Work task ::
What should come back is the data below, word for word, minus any picture.

Given information ::
───

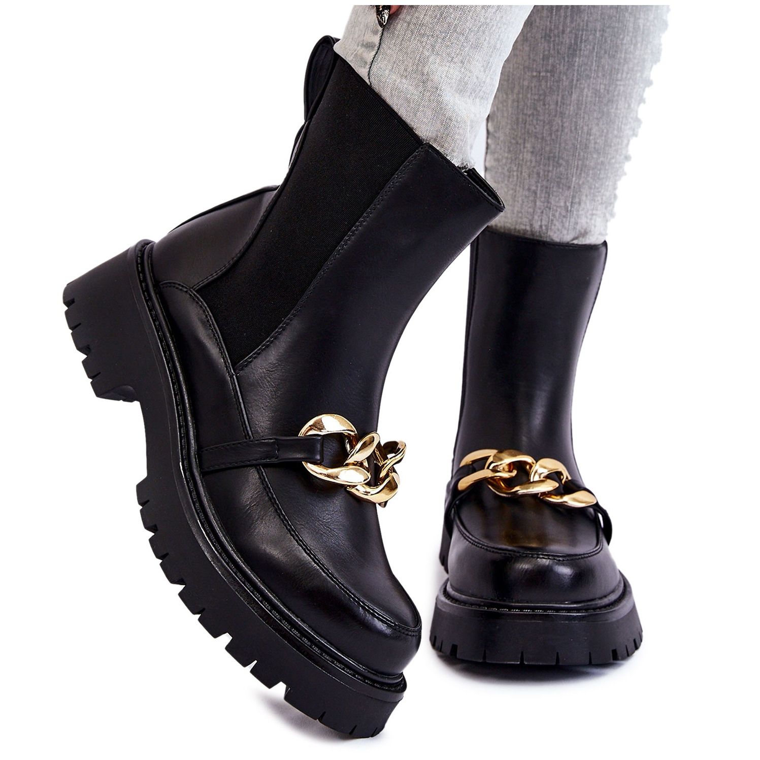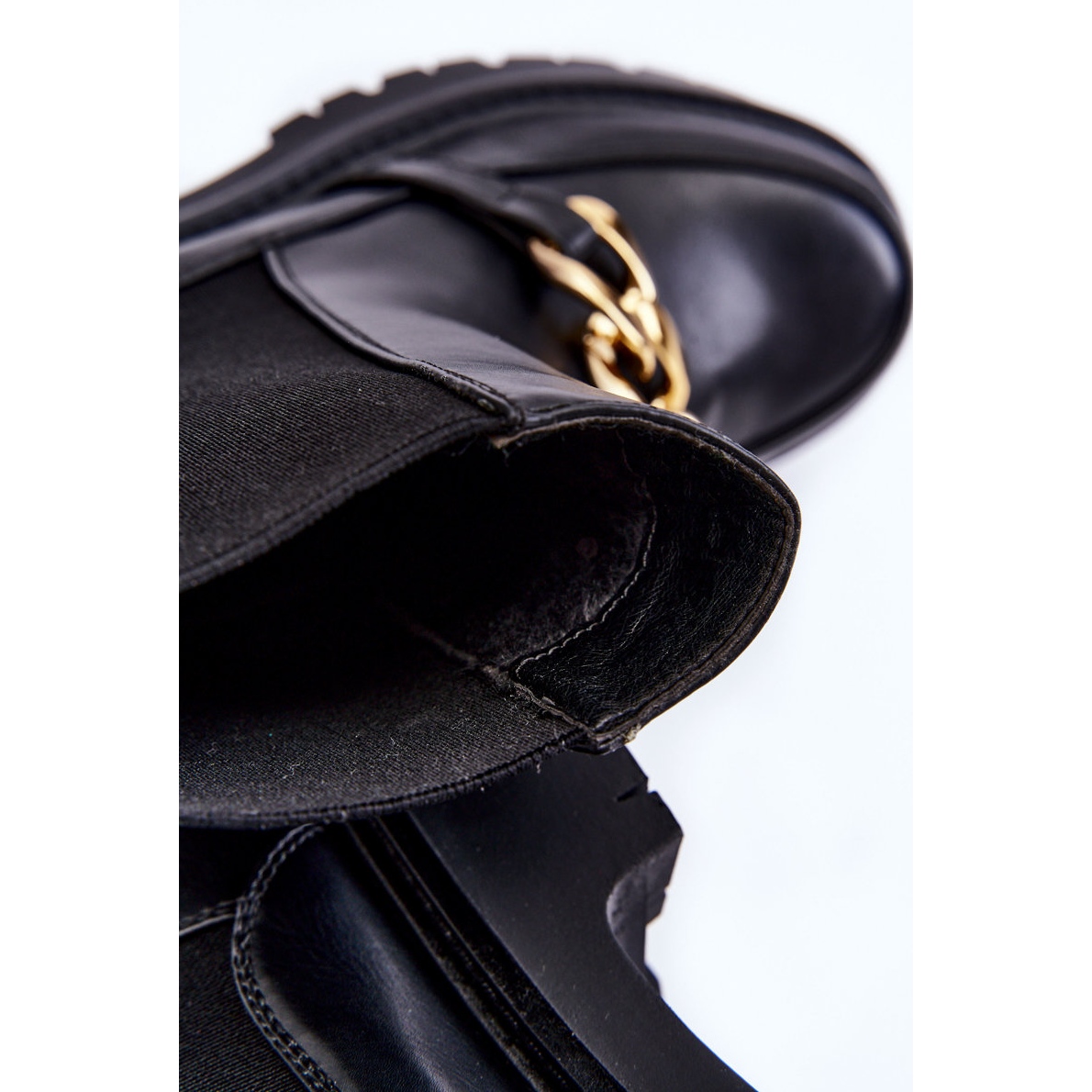 L'un des éléments les plus importants de ce modèle est l'impressionnante chaîne sur le devant, qui ajoute un caractère original à l'ensemble. Les bottes ont un talon plat de 5 cm de haut et des semelles rainurées qui assurent stabilité et sécurité pendant la marche. Leur couleur noire minimaliste les rend parfaitement adaptés à différents styles, aussi bien pour un usage quotidien que pour des occasions plus formelles.
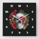 Goth Skull with Red Flowers & Gold Leaves Square Wall Clock
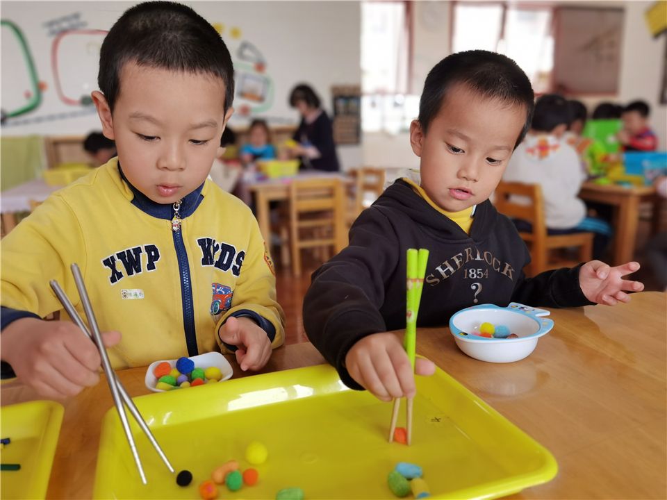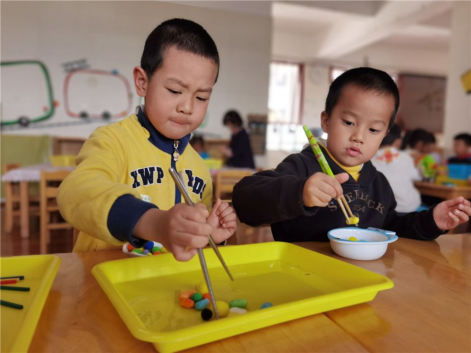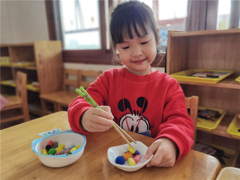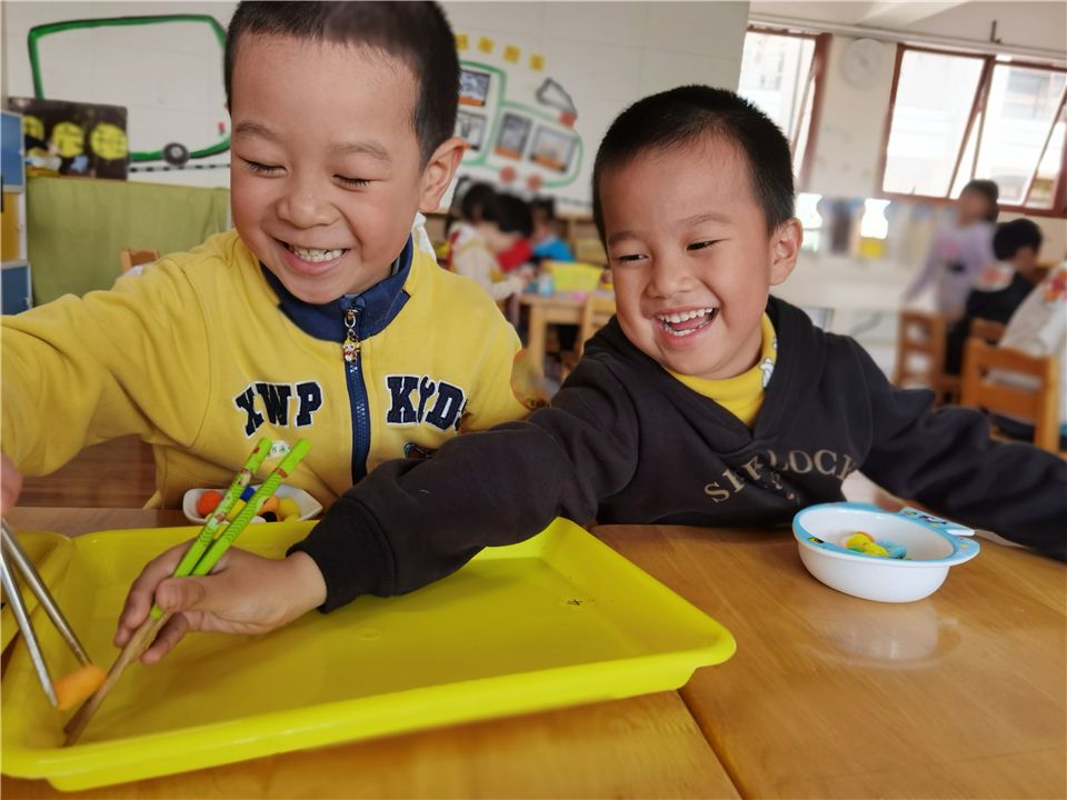 筷子是小朋友们熟悉的用餐工具,如何熟练使用筷子是这段时间区域里小朋友们最热衷的尝试练习。海乐正在练习着用筷子夹小软球,手中的小筷子和盘子里的小软球似乎“不肯合作”,别别扭扭,看着一旁的芷榕一个一个快速地把小软球夹到碗里,海乐有点着急了。抿着小嘴的海乐不灰心,琢磨着小手拿筷子的姿势,改变着筷子的方向,一只手拿、两只手抓,一次、两次……哈哈哈,成功啦,成功啦!筷子终于夹住了小软球啦,两个小伙伴比赛着谁夹的多!

───

Expected answer ::
 L'un des éléments les plus importants de ce modèle est l'impressionnante chaîne sur le devant, qui ajoute un caractère original à l'ensemble. Les bottes ont un talon plat de 5 cm de haut et des semelles rainurées qui assurent stabilité et sécurité pendant la marche. Leur couleur noire minimaliste les rend parfaitement adaptés à différents styles, aussi bien pour un usage quotidien que pour des occasions plus formelles.
 Goth Skull with Red Flowers & Gold Leaves Square Wall Clock
 筷子是小朋友们熟悉的用餐工具,如何熟练使用筷子是这段时间区域里小朋友们最热衷的尝试练习。海乐正在练习着用筷子夹小软球,手中的小筷子和盘子里的小软球似乎“不肯合作”,别别扭扭,看着一旁的芷榕一个一个快速地把小软球夹到碗里,海乐有点着急了。抿着小嘴的海乐不灰心,琢磨着小手拿筷子的姿势,改变着筷子的方向,一只手拿、两只手抓,一次、两次……哈哈哈,成功啦,成功啦!筷子终于夹住了小软球啦,两个小伙伴比赛着谁夹的多!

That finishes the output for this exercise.